> [DESCRIPTION OF THE TASK]: Exactly the lines below starting at the line with "Вареную картошку переложите" and ending at the line with "Note: Please make" are wanted, with both ends included. Leave out the pictures and add no other lines.

> [INPUT DATA]:

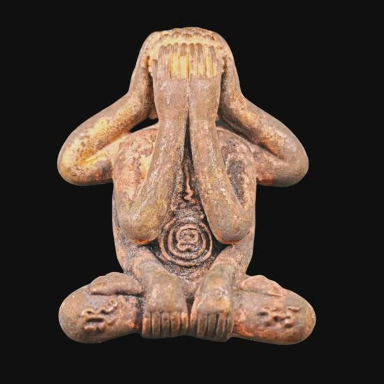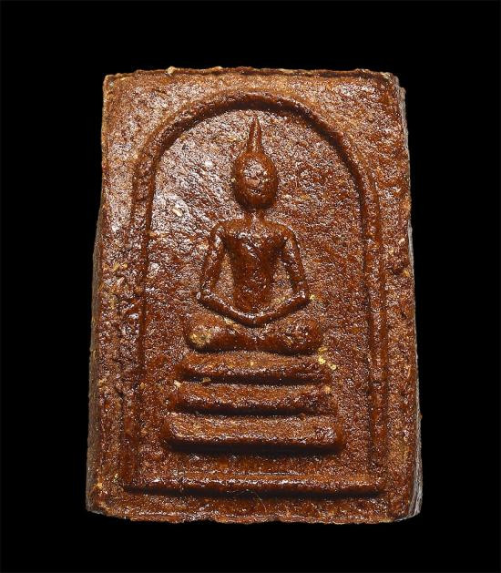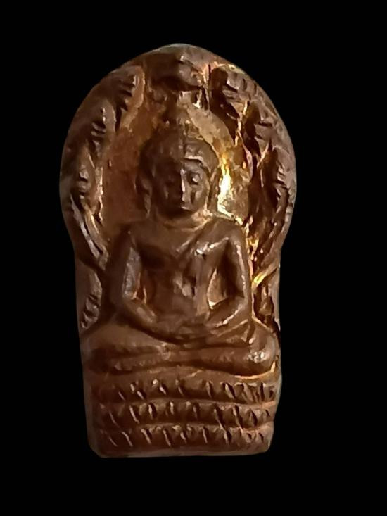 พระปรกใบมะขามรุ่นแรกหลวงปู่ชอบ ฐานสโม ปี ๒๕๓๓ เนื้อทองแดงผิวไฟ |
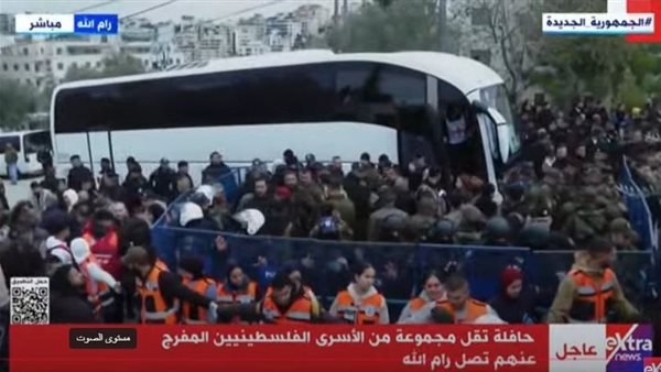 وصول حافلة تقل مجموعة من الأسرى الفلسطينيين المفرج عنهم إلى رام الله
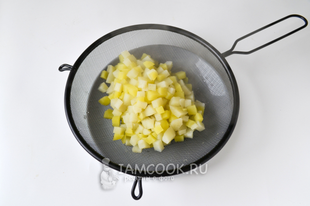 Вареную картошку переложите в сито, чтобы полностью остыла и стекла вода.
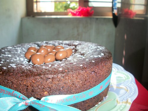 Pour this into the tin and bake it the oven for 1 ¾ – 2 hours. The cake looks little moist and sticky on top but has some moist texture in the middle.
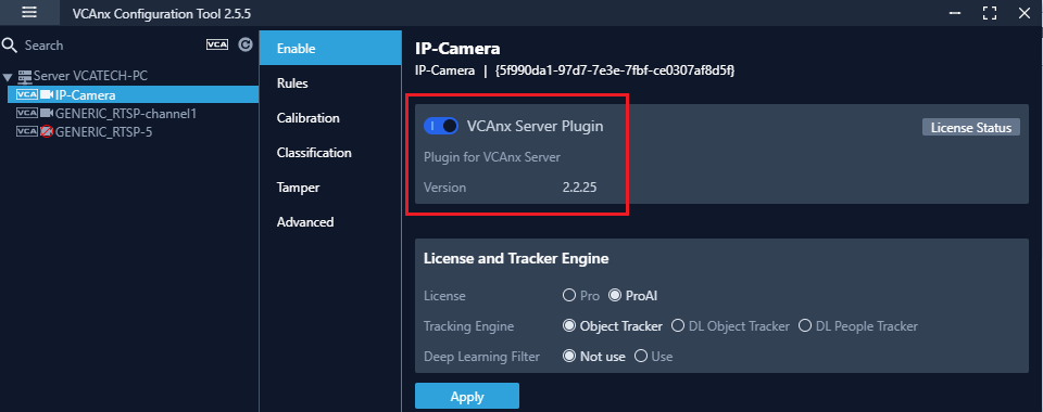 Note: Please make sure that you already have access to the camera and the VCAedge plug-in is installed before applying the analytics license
==
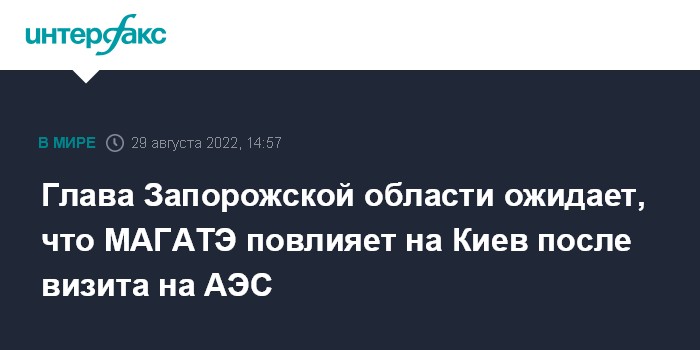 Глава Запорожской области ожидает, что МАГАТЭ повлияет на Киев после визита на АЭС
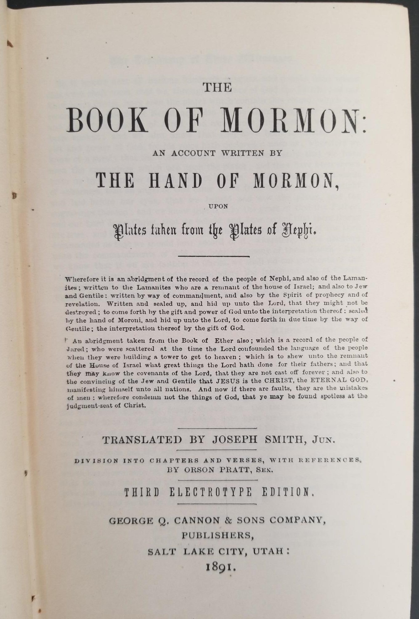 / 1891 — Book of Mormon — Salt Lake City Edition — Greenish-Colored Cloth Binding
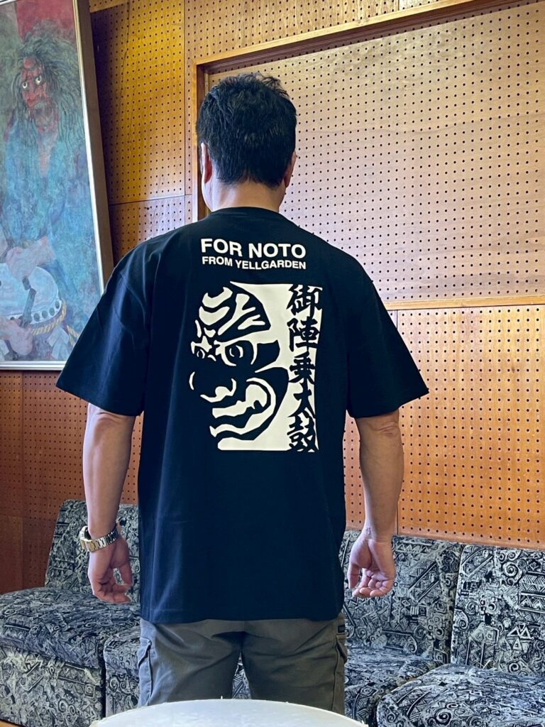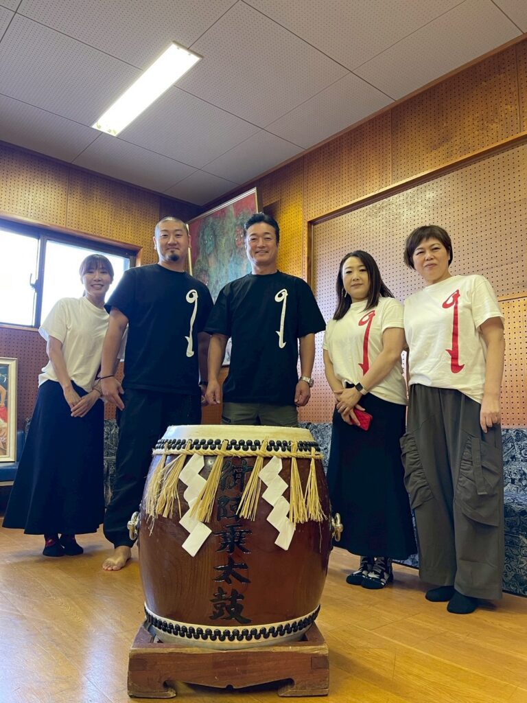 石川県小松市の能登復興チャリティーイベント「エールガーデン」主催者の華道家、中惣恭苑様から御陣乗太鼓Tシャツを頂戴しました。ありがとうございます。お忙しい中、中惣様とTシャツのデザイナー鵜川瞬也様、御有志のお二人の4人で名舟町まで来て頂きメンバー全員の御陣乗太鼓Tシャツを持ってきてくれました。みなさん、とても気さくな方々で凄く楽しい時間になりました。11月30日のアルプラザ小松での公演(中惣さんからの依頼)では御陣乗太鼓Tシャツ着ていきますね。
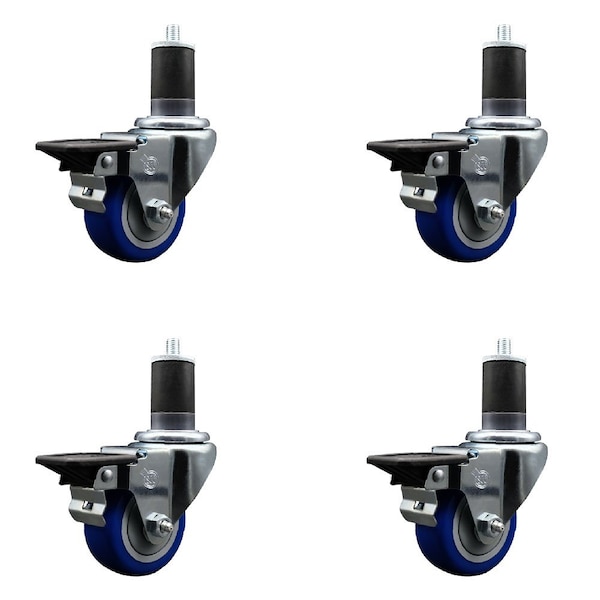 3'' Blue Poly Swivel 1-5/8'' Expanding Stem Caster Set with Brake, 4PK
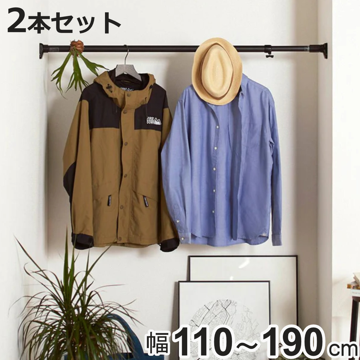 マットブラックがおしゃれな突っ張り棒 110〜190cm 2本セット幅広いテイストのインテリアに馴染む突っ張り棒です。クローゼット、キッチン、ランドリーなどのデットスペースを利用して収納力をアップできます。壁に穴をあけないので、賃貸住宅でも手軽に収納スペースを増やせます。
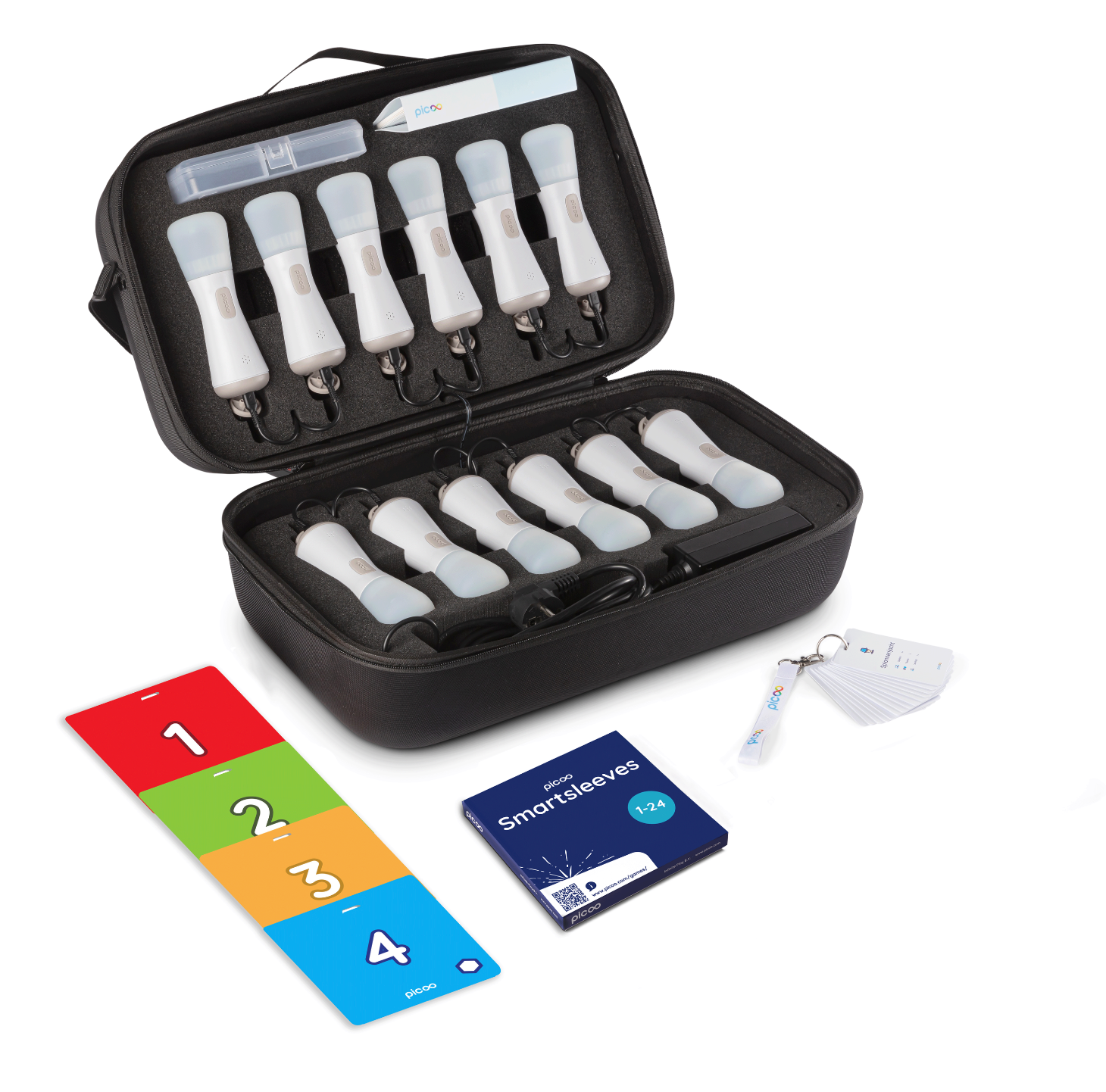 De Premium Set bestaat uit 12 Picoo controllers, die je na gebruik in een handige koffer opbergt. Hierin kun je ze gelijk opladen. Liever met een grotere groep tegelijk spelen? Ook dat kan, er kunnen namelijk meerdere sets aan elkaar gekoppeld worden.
* * *
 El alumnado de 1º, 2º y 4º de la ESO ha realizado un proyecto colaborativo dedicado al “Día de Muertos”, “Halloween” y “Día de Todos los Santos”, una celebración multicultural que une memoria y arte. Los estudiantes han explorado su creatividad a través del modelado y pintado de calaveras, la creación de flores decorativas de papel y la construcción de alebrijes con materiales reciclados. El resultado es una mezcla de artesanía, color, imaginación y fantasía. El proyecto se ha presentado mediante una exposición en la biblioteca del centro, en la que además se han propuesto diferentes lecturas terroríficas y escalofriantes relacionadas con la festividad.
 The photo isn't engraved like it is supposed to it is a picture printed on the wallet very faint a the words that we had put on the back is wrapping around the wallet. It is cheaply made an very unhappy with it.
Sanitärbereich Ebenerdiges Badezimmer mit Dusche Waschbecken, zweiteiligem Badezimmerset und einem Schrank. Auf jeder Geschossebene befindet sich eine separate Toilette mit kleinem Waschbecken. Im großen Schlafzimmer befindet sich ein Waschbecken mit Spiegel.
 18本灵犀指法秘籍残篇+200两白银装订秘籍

> [ANSWER FOR THE TASK]:
 Вареную картошку переложите в сито, чтобы полностью остыла и стекла вода.
 Pour this into the tin and bake it the oven for 1 ¾ – 2 hours. The cake looks little moist and sticky on top but has some moist texture in the middle.
 Note: Please make sure that you already have access to the camera and the VCAedge plug-in is installed before applying the analytics license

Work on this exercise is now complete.